** Opening DATA TO USE block **
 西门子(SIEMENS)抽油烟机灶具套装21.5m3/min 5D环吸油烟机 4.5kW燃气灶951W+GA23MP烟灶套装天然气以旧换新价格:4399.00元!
** Closing DATA TO USE block **
** Opening DATA TO USE block **
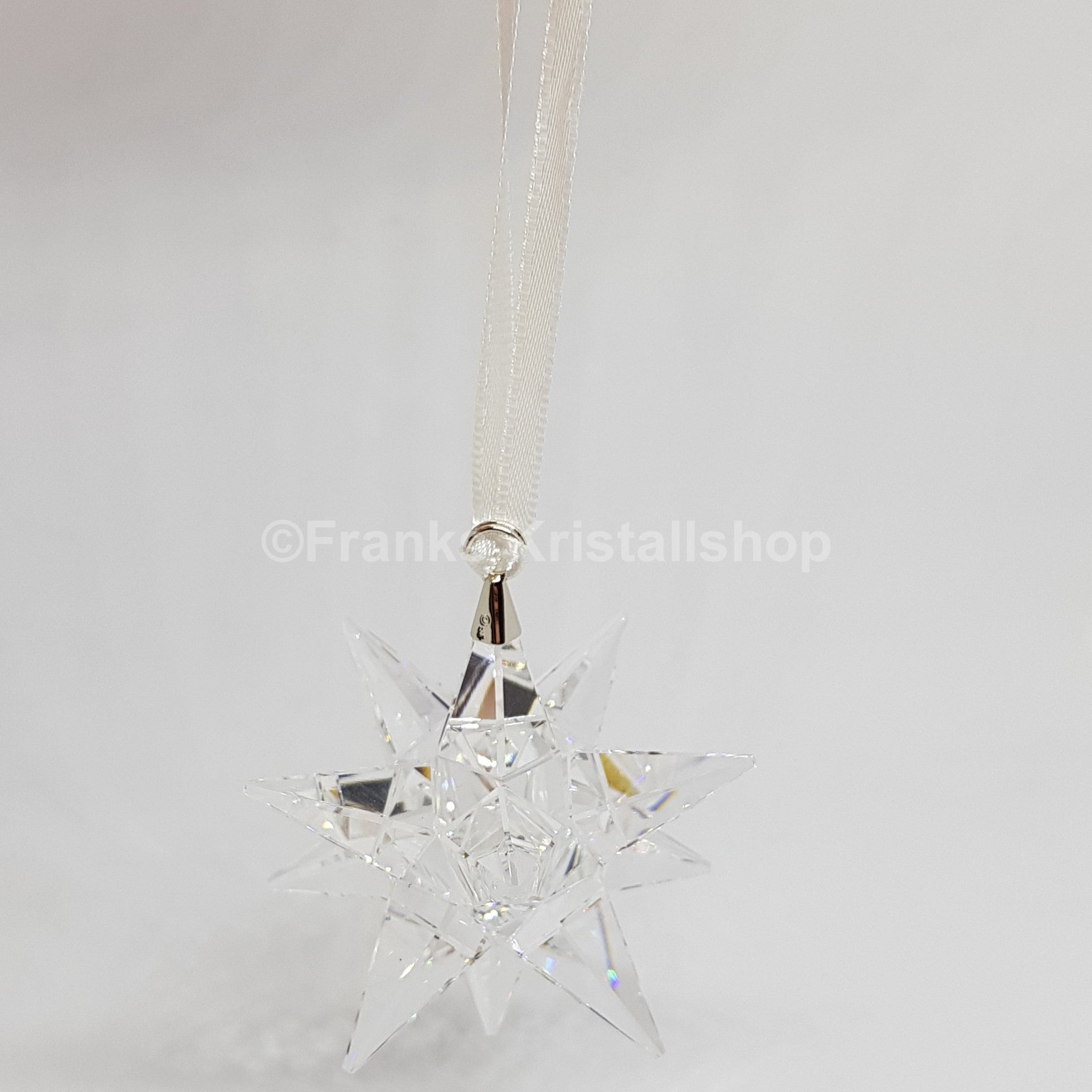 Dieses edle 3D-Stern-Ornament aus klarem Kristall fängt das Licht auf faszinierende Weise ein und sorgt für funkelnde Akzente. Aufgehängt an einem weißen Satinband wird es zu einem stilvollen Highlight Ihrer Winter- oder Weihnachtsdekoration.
** Closing DATA TO USE block **
** Opening DATA TO USE block **
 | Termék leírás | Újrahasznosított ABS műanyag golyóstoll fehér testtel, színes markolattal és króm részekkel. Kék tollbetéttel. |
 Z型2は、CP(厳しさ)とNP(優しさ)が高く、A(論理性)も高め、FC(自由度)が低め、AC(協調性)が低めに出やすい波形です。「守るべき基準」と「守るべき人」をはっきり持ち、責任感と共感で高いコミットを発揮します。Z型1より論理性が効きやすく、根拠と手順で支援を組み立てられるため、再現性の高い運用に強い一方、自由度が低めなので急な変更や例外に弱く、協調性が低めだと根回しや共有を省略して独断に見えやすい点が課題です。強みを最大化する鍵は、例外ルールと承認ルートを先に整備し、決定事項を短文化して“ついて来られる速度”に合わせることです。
** Closing DATA TO USE block **
▶ [EXERCISE BRIEF]: With the line holding "Kék tollbetéttel. |" as the first and the line holding "Z型2は、CP(厳しさ)とN" as the last, please transcribe exactly the lines of the material above in that range and nothing else.

▶ [RESPONSE TO THE TASK]:
 | Termék leírás | Újrahasznosított ABS műanyag golyóstoll fehér testtel, színes markolattal és króm részekkel. Kék tollbetéttel. |
 Z型2は、CP(厳しさ)とNP(優しさ)が高く、A(論理性)も高め、FC(自由度)が低め、AC(協調性)が低めに出やすい波形です。「守るべき基準」と「守るべき人」をはっきり持ち、責任感と共感で高いコミットを発揮します。Z型1より論理性が効きやすく、根拠と手順で支援を組み立てられるため、再現性の高い運用に強い一方、自由度が低めなので急な変更や例外に弱く、協調性が低めだと根回しや共有を省略して独断に見えやすい点が課題です。強みを最大化する鍵は、例外ルールと承認ルートを先に整備し、決定事項を短文化して“ついて来られる速度”に合わせることです。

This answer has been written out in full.